**Instructions to follow**
Which lines of the entries below run from the one holding "这是淳安胡家坪闻家板桥自然村。银装素裹,煞是好看。" to the one holding "沙龙开始,TapTap万筠博", inclusive? Set down exactly those lines and no others.

**Records for this task**

<<<<

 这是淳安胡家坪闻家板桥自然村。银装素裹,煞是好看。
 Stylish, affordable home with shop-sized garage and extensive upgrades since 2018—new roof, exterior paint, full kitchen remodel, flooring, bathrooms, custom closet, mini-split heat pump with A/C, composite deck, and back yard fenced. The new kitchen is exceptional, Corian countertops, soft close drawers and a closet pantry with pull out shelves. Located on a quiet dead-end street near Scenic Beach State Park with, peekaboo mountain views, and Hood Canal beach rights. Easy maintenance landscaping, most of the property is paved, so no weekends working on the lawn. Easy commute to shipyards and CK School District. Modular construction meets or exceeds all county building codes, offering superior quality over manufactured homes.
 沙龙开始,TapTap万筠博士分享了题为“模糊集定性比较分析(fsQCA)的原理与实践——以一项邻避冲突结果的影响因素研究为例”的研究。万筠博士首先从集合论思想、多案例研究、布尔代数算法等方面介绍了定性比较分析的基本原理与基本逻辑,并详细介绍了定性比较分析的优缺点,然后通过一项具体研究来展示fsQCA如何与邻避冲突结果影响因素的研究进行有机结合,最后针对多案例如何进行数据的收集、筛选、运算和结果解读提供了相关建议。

>>>>
<<<<

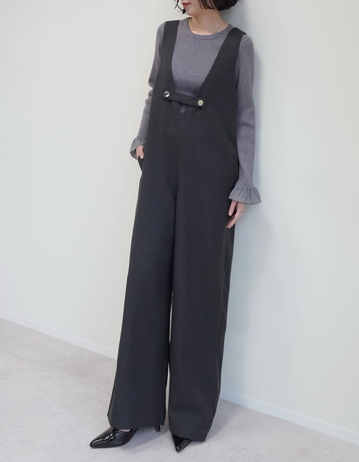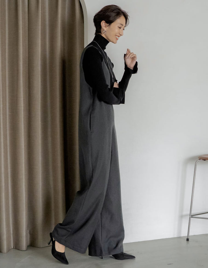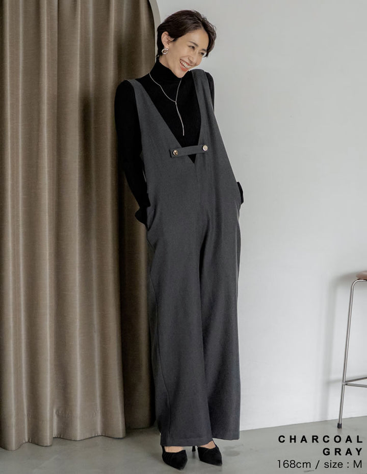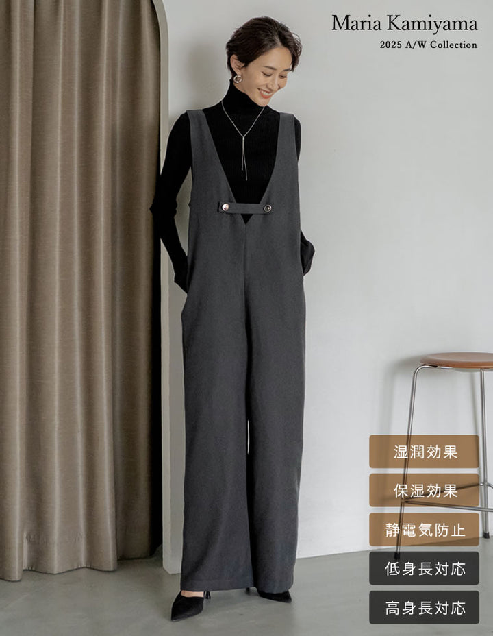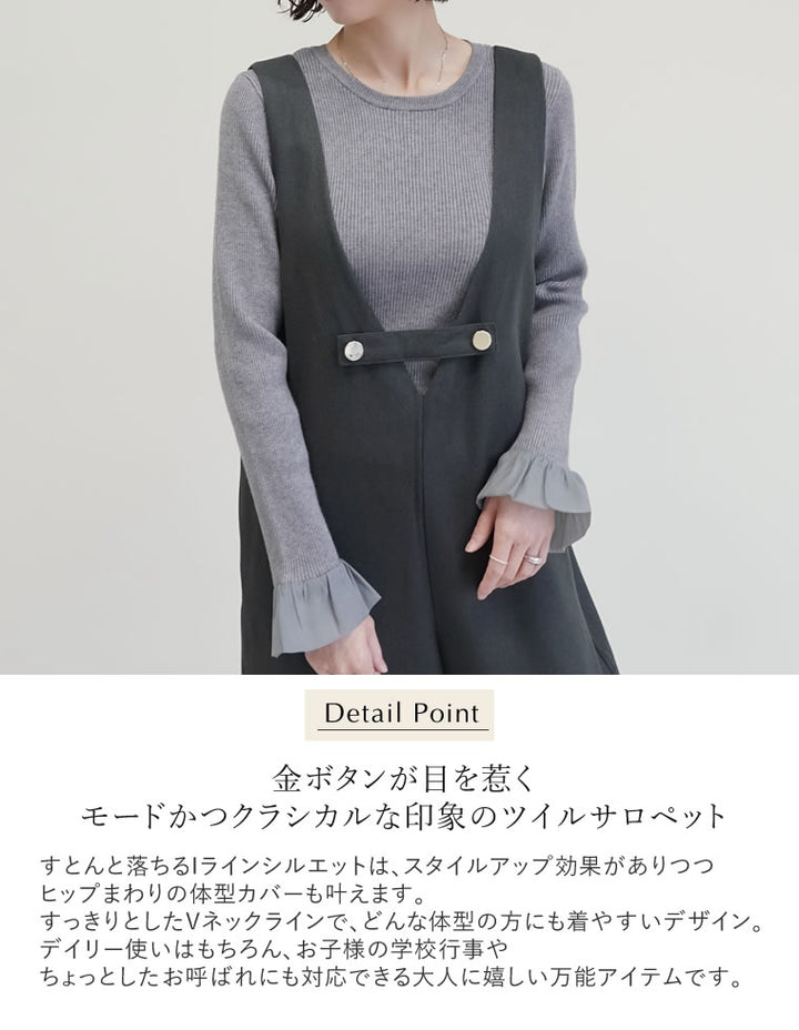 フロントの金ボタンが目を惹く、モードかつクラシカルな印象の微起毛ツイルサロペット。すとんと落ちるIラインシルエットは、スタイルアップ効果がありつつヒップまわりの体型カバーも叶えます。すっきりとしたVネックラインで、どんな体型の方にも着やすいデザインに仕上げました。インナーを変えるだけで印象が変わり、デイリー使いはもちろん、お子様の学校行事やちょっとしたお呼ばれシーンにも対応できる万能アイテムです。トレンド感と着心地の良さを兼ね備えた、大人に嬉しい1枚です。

>>>>
<<<<

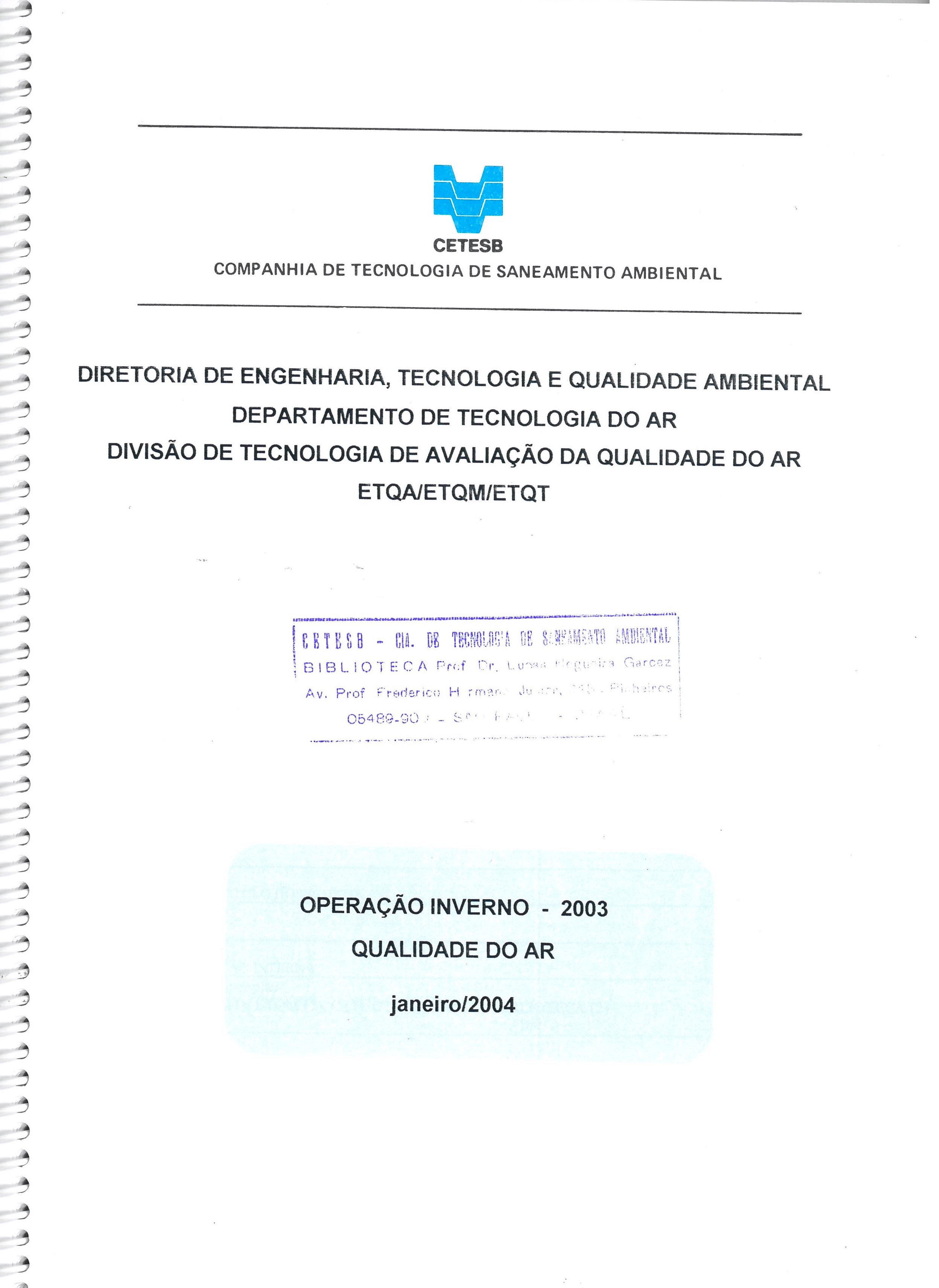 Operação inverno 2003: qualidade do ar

>>>>

**Reply to the task**
 这是淳安胡家坪闻家板桥自然村。银装素裹,煞是好看。
 Stylish, affordable home with shop-sized garage and extensive upgrades since 2018—new roof, exterior paint, full kitchen remodel, flooring, bathrooms, custom closet, mini-split heat pump with A/C, composite deck, and back yard fenced. The new kitchen is exceptional, Corian countertops, soft close drawers and a closet pantry with pull out shelves. Located on a quiet dead-end street near Scenic Beach State Park with, peekaboo mountain views, and Hood Canal beach rights. Easy maintenance landscaping, most of the property is paved, so no weekends working on the lawn. Easy commute to shipyards and CK School District. Modular construction meets or exceeds all county building codes, offering superior quality over manufactured homes.
 沙龙开始,TapTap万筠博士分享了题为“模糊集定性比较分析(fsQCA)的原理与实践——以一项邻避冲突结果的影响因素研究为例”的研究。万筠博士首先从集合论思想、多案例研究、布尔代数算法等方面介绍了定性比较分析的基本原理与基本逻辑,并详细介绍了定性比较分析的优缺点,然后通过一项具体研究来展示fsQCA如何与邻避冲突结果影响因素的研究进行有机结合,最后针对多案例如何进行数据的收集、筛选、运算和结果解读提供了相关建议。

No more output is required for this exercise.